While the trendy notion of being a “citizen of the world” is popular in Western, cosmopolitan societies, in a globalized world in which communities have broken down, individuals fall back on tribe or look to radical mass movements to fulfill this sense of loss.
The flippant way in which patriotism is being cast aside in this country makes it vital that Americans attempt to restore patriotic sentiment and understanding of the nation’s traditions for current and future generations.

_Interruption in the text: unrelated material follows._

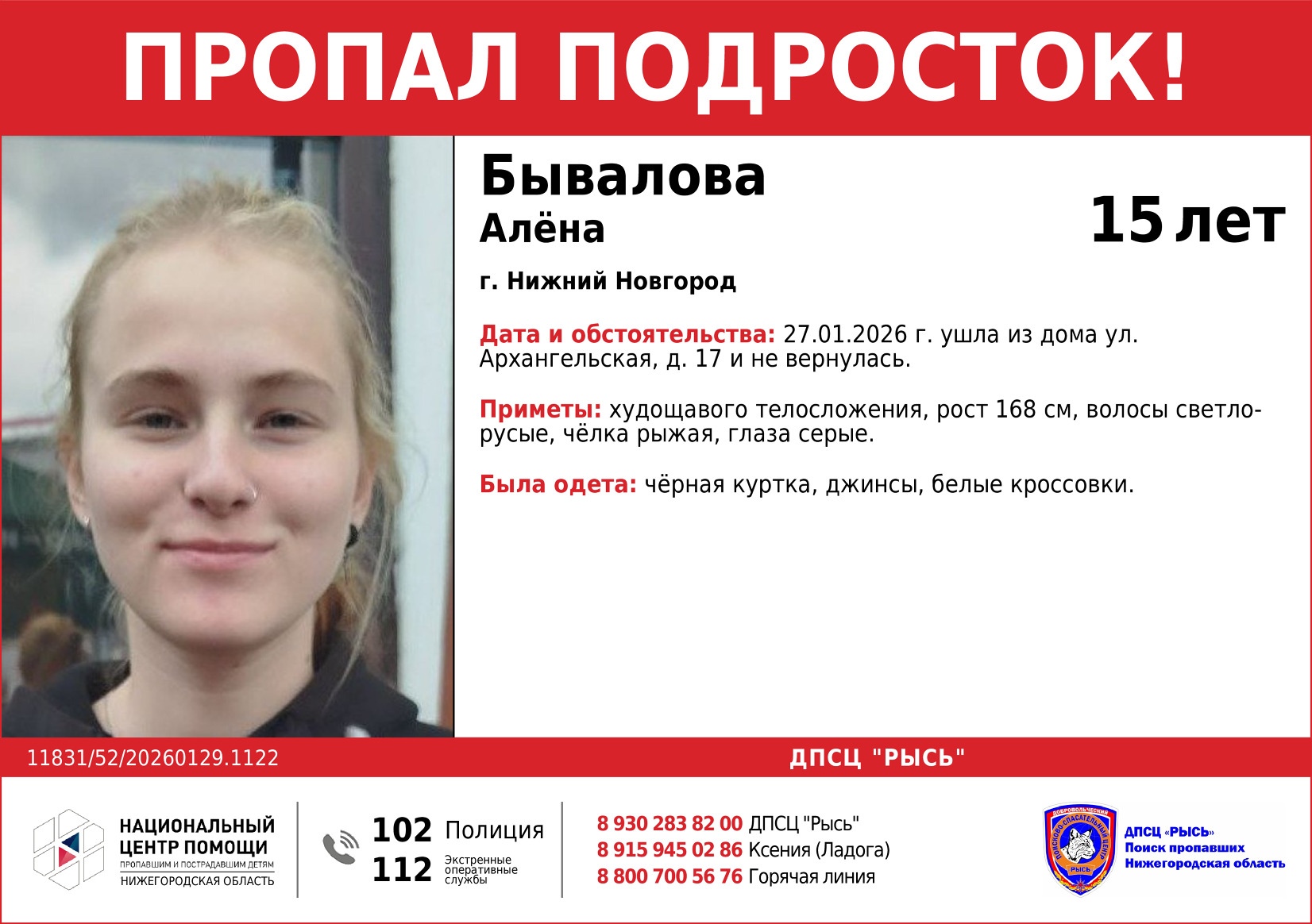 В Нижнем Новгороде разыскивают 15-летнюю Алёну. Девочка исчезла 27 января после того, как вышла из дома на улице Архангельской. С этого момента она перестала выходить на связь.

Leaders capable of articulating what has made America unique are necessary, as is a public that has a keen understanding of what ideas are at the cornerstone of the republic.
South Carolina’s new law requiring students to study the founding documents is one of many ways civic and patriotic attachment to country can be restored—and similar laws could at least provide a baseline for responsible citizenship.
In an 1894 speech, Theodore Roosevelt spoke of the need for “true Americanism” for the U.S. to be a great country. He said:
We shall never be successful over the dangers that confront us; we shall never achieve true greatness, nor reach the lofty ideal which the founders and preservers of our mighty Federal Republic have set before us, unless we are Americans in heart and soul, in spirit and purpose, keenly alive to the responsibility implied in the very name of American, and proud beyond measure of the glorious privilege of bearing it.
If the trends continue and America proceeds down the path of being a post-patriotic society, no election or economic boom will put the country back on the right track or restore sagging confidence in the country’s political institutions.
Patriotism and pride in the U.S.’ unique institutions and founding principles has been the glue holding together a country diverse in ethnic backgrounds and creeds. Without allegiance to the American experiment, we may find that our citizens choose ethnic ties or “global citizenship” as more meaningful than their hollowed out and meaningless American identity.